- [EXERCISE DATA]
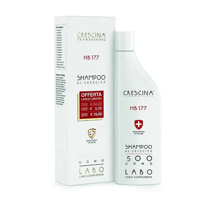 Lo Shampoo Crescina Ri-Crescita HB 177 è un detergente specifico per capelli radi a base dei principi attivi di Crescina Ri-Crescita HFSC (Brevetto Svizzero CH 703 390), dei complessi PLC12 (12 molecole Plate-Like), Bulge-Stem, Scalp Microbiome Complex e di 5 Enhancer.
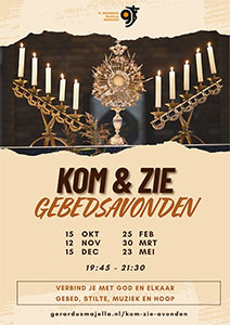 A Come & See evening starts at 19:45 in the friars’ priory with coffee and tea. Then a programme of praise, an introduction and testimony, and Eucharistic adoration with music, silence and free prayer follows in the church from 20:15. From 21:30 - 22:00 there will be closing drinks in the basement of the church, where there will be room for meeting and sharing. Parishioner or not, old or young, everyone is welcome (even if you can only join for part of it). Come and see!
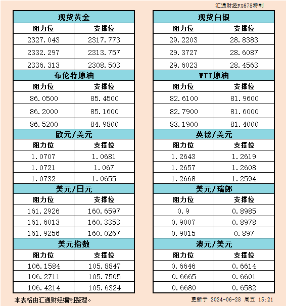 标题:6月28日欧市支撑阻力:金银原油+美元指数等六大货币对

- [YOUR OBJECTIVE] Skipping any images, write out all the data exactly.

- [RESULT]
 Lo Shampoo Crescina Ri-Crescita HB 177 è un detergente specifico per capelli radi a base dei principi attivi di Crescina Ri-Crescita HFSC (Brevetto Svizzero CH 703 390), dei complessi PLC12 (12 molecole Plate-Like), Bulge-Stem, Scalp Microbiome Complex e di 5 Enhancer.
 A Come & See evening starts at 19:45 in the friars’ priory with coffee and tea. Then a programme of praise, an introduction and testimony, and Eucharistic adoration with music, silence and free prayer follows in the church from 20:15. From 21:30 - 22:00 there will be closing drinks in the basement of the church, where there will be room for meeting and sharing. Parishioner or not, old or young, everyone is welcome (even if you can only join for part of it). Come and see!
 标题:6月28日欧市支撑阻力:金银原油+美元指数等六大货币对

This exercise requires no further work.